Monday, July 15, 2013

Whippoorwill Festival - 2013

This year I attended the Whippoorwill Festival for the first time. Organized by Dave Cooper, the festival is described as an earth-friendly, sustainable living skills festival. The annual festival takes place at HomeGrown HideAways, near Berea Kentucky, which I had the opportunity to visit last year during the 2012 Berea Solar Tour.

The festival lasts four days, but I only attended for one. I wanted to get a feel for things before committing to spending four days there. For those who do attend multiple days, spots for onsite camping is available. There were several tents still set up when I was there on Sunday, so it appears that several people did take advantage of the camping opportunity.

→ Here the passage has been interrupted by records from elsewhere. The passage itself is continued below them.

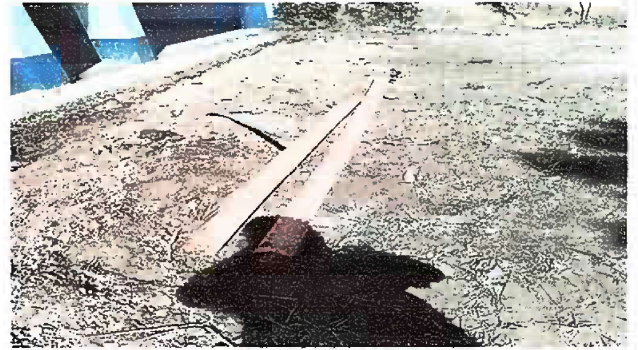
FOTO 16 MODULO 3 SUSTITUCIÓN DE TUBERÍA PVC AGUAS PLUVIALES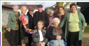
La joyeuse équipe des aînés.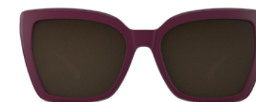
C Hav/Pol Brow Ref. 20100290674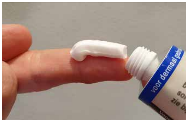
Foto 3. De vingertop eenheid.

Koelen van de huid helpt de jeuk te verlichten. Men kan de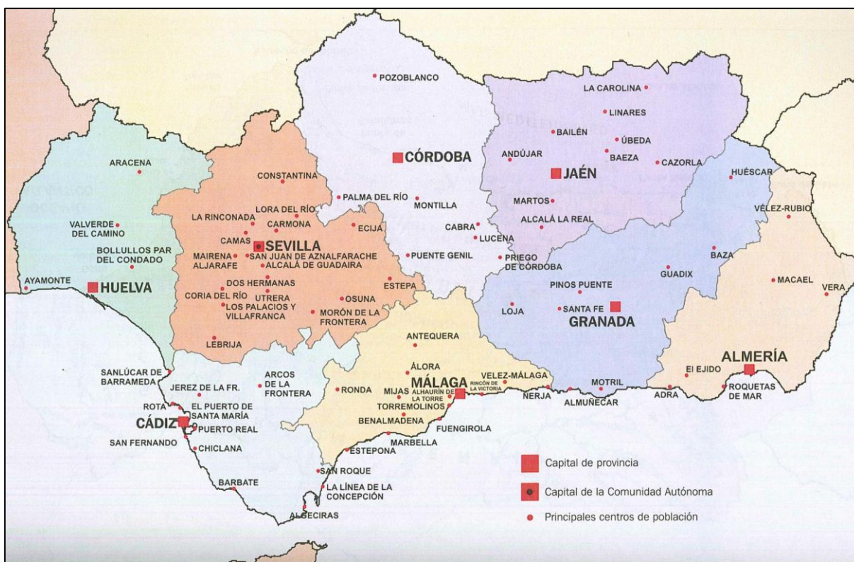
4. Carta Geografica politica dell'Andalucía

Malgrado i passi avanti che sono stati fatti per lo sviluppo della regione e per il miglioramento delle condizioni di vita dei suoi abitanti, al momento attuale continuano a persistere nel suo territorio sacche di povertà, un livello di disoccupazione tra i più alti rispetto a quelli delle altre regioni del Paese, un latente sottosviluppo economico ed altri problemi più o meno gravi. Tuttavia, sebbene il quadro attuale non sia dei più rosei, gli andalusi non si danno per vinti e continuano a lottare per poter rilanciare ed innovare la loro regione che per secoli è stata il cuore pulsante dello Stato.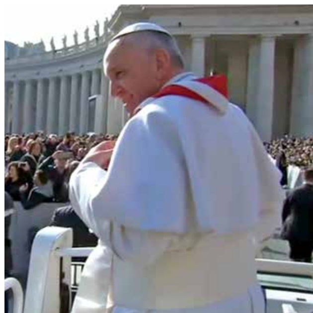
El Papa Francisco, con el pañuelo de 'Antorcha'.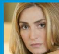
Julie Gayet Orange Day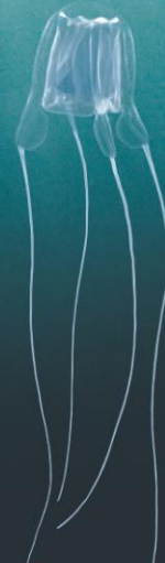
■ CARYBDEA 4-5 cm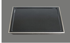
> Weblink 500.000.114.00 / CHF 135.- Garraumteiler

Workshops at the festival each last two hours, with three workshop sessions scheduled each day, with the exception of Thursday, when there are only two. I attended two of the workshops on Sunday: Straw Bale Construction and Repurposed and Reused Materials.

The Straw Bale Construction Workshop was led by Daryl Pifer of Cedar Ridge Farm in Edmonton, KY. I found this workshop to be very informative, and took away a couple of very useful bits of information. One thing I learned was how to re-tie a straw bale, using a straw bale needle. While this was illustrated for the purposes of creating custom sized bales to fit into small spaces, I can see an immediate use for it as a method of allowing me to use less than a full bale, without having the remaining bale get scattered before I use the rest. By far the most useful thing I learned, however, is that the state of Kentucky has special exemptions for farm dwellings and structures that allow them to be built without conforming to the building code. I have verified the information, and found that we will just have to do a few things to have our place classified as a farm, which should not be difficult. It will be more than worth it to be able to build the house we want, without worrying about the inflexibility of the building code regarding alternative building methods, composting toilets, gray water systems, etc.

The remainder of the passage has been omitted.